Task description: From the first line of the data through the line containing "Скасували виконавчий напис УКР КРЕДИТ ФІНАНС", transcribe each line exactly. Pictures do not belong in the copy.
---
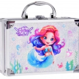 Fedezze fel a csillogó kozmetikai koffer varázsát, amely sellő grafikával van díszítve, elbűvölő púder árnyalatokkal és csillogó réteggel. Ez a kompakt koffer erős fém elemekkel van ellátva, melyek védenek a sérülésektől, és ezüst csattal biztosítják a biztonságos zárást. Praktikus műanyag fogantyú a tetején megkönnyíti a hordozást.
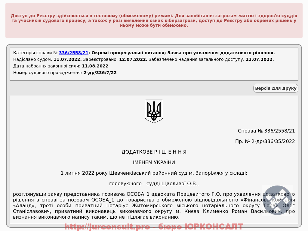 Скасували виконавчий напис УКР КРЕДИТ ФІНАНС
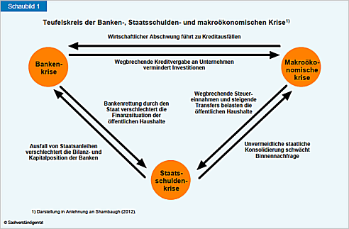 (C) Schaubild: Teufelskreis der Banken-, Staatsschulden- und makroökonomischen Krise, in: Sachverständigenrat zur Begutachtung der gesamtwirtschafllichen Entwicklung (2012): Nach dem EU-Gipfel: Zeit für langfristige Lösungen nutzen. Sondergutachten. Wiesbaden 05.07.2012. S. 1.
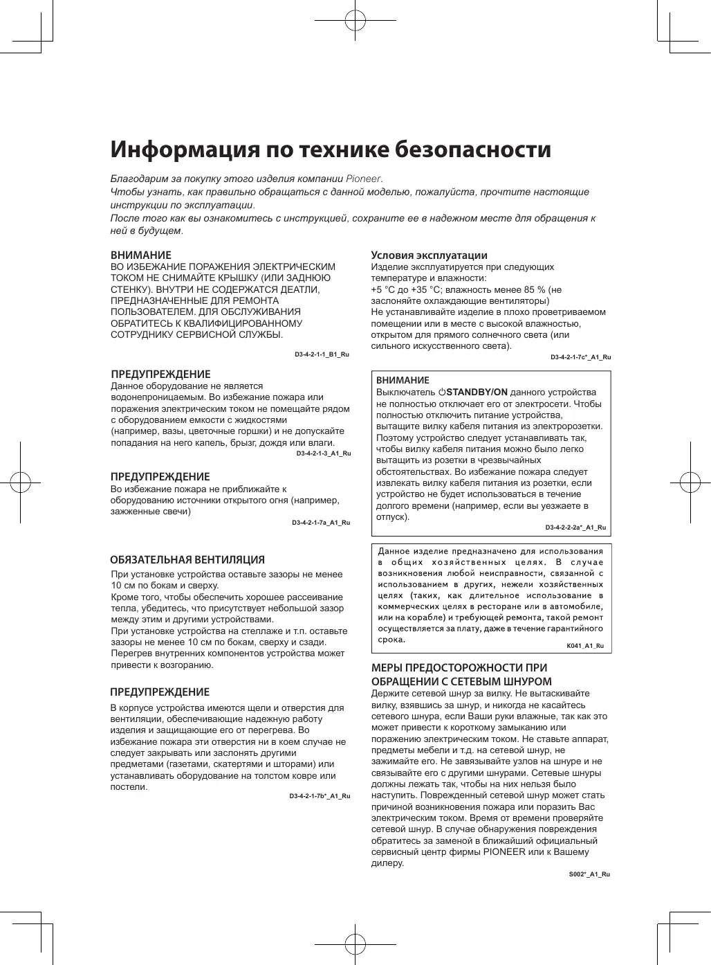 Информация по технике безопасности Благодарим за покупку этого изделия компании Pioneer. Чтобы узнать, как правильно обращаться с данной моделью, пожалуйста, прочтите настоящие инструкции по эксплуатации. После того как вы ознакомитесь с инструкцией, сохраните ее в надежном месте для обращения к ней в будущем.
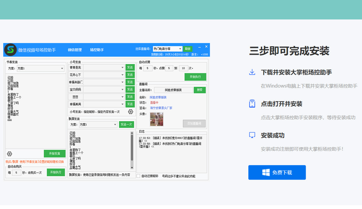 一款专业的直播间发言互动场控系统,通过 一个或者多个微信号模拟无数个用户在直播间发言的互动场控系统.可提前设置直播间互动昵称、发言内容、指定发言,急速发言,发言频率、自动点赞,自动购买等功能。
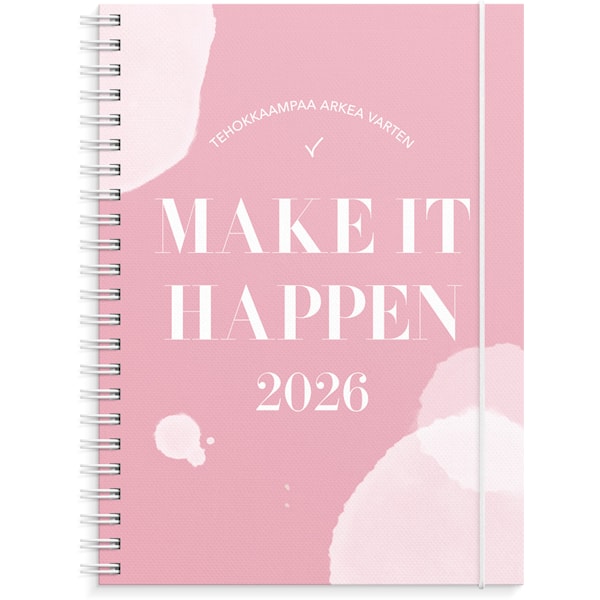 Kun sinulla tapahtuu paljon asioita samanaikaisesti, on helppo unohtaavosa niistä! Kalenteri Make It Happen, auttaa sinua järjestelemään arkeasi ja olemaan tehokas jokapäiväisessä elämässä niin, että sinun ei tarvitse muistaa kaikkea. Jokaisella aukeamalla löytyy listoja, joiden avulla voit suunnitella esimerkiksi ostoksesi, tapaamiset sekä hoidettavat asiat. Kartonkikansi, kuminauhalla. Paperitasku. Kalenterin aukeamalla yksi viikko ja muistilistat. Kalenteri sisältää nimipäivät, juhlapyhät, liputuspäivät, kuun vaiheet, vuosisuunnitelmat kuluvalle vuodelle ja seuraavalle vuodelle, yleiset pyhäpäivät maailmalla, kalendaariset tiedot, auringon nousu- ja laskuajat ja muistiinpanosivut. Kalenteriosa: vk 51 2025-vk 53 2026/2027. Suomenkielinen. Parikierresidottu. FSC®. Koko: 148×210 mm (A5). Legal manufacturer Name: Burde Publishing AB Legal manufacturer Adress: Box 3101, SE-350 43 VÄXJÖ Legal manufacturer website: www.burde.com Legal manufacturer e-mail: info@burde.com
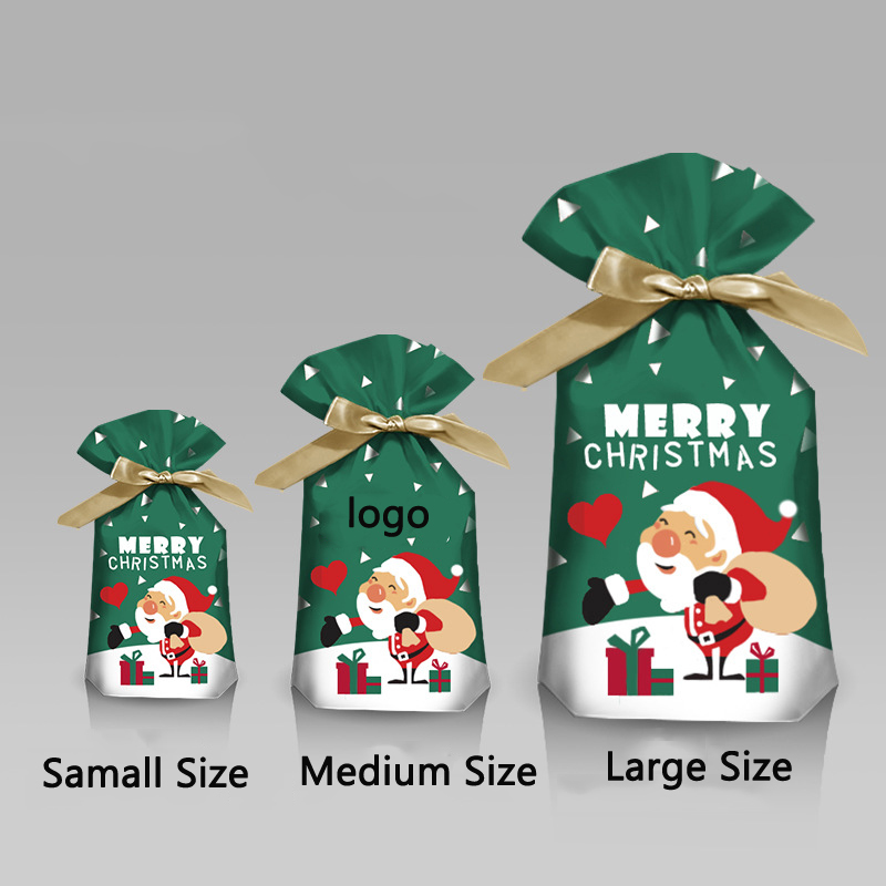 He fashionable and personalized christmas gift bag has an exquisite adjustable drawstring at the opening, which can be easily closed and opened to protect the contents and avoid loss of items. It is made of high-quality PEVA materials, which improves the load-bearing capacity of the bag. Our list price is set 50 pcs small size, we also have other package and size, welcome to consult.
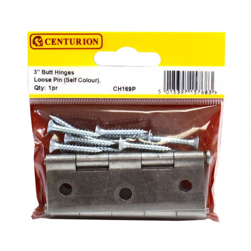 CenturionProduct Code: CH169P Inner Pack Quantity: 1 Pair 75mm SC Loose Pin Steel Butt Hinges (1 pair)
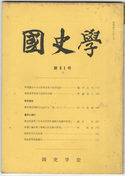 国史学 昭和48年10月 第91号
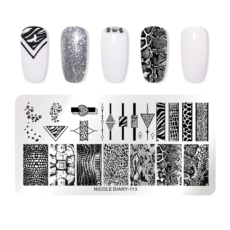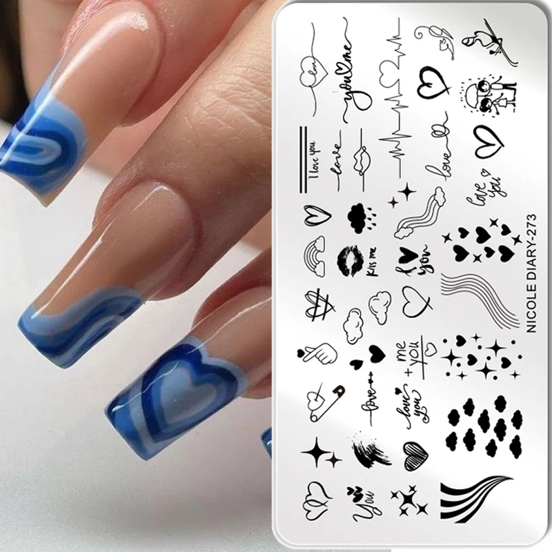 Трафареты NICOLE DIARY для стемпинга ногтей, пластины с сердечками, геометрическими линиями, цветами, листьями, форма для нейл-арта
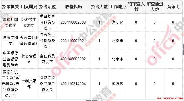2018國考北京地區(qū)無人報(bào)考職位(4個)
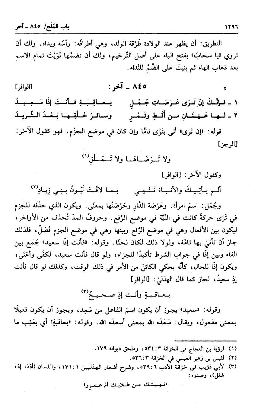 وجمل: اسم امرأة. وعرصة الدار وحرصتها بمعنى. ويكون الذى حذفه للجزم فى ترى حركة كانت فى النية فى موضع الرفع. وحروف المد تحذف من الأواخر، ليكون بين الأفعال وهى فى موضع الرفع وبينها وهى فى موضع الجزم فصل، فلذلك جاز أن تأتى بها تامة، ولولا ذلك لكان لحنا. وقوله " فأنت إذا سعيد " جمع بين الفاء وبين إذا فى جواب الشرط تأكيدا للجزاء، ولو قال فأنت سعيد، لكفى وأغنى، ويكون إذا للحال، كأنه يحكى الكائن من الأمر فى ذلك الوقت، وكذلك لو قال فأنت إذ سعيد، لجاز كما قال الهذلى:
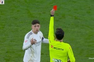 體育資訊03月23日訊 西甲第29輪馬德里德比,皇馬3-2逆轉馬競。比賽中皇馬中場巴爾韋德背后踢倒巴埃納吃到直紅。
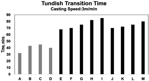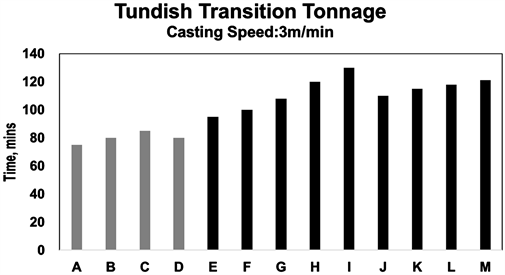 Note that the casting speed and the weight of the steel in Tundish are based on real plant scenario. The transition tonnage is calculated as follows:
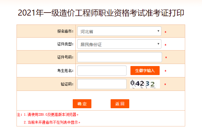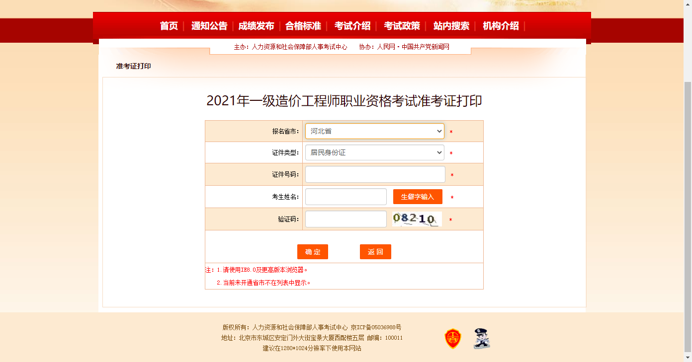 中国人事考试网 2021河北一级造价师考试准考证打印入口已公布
---
Answer section:
 Fedezze fel a csillogó kozmetikai koffer varázsát, amely sellő grafikával van díszítve, elbűvölő púder árnyalatokkal és csillogó réteggel. Ez a kompakt koffer erős fém elemekkel van ellátva, melyek védenek a sérülésektől, és ezüst csattal biztosítják a biztonságos zárást. Praktikus műanyag fogantyú a tetején megkönnyíti a hordozást.
 Скасували виконавчий напис УКР КРЕДИТ ФІНАНС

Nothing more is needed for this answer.